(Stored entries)
▬▬▬

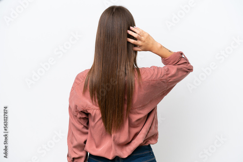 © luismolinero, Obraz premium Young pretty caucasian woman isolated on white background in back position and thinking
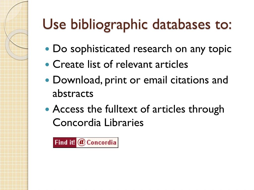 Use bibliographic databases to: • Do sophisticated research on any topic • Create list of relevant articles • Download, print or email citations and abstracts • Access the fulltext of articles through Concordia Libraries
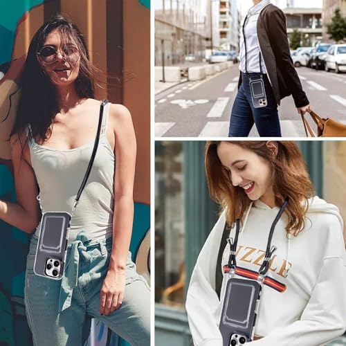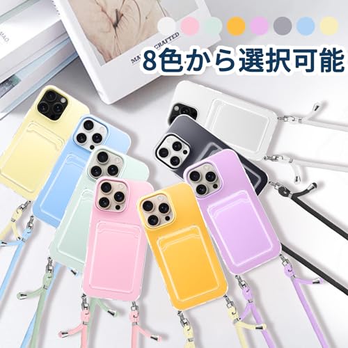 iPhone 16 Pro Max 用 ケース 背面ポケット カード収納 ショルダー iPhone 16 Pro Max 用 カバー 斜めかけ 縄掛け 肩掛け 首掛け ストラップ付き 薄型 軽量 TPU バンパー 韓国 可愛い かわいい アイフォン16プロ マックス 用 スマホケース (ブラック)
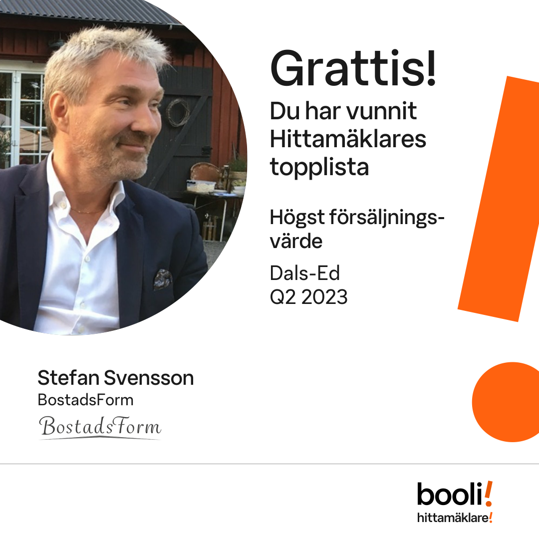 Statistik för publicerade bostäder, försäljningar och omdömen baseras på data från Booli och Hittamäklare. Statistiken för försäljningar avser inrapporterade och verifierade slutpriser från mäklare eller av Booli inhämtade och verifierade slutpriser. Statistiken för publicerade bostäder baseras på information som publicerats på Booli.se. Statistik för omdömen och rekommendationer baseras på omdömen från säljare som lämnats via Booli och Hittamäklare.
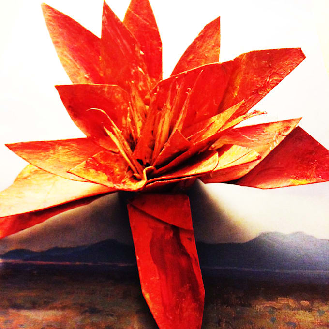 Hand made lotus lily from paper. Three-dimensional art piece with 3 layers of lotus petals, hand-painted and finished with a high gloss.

▬▬▬

What is needed is an exact reproduction of the data, pictures excluded.

[Exercise output]
 © luismolinero, Obraz premium Young pretty caucasian woman isolated on white background in back position and thinking
 Use bibliographic databases to: • Do sophisticated research on any topic • Create list of relevant articles • Download, print or email citations and abstracts • Access the fulltext of articles through Concordia Libraries
 iPhone 16 Pro Max 用 ケース 背面ポケット カード収納 ショルダー iPhone 16 Pro Max 用 カバー 斜めかけ 縄掛け 肩掛け 首掛け ストラップ付き 薄型 軽量 TPU バンパー 韓国 可愛い かわいい アイフォン16プロ マックス 用 スマホケース (ブラック)
 Statistik för publicerade bostäder, försäljningar och omdömen baseras på data från Booli och Hittamäklare. Statistiken för försäljningar avser inrapporterade och verifierade slutpriser från mäklare eller av Booli inhämtade och verifierade slutpriser. Statistiken för publicerade bostäder baseras på information som publicerats på Booli.se. Statistik för omdömen och rekommendationer baseras på omdömen från säljare som lämnats via Booli och Hittamäklare.
 Hand made lotus lily from paper. Three-dimensional art piece with 3 layers of lotus petals, hand-painted and finished with a high gloss.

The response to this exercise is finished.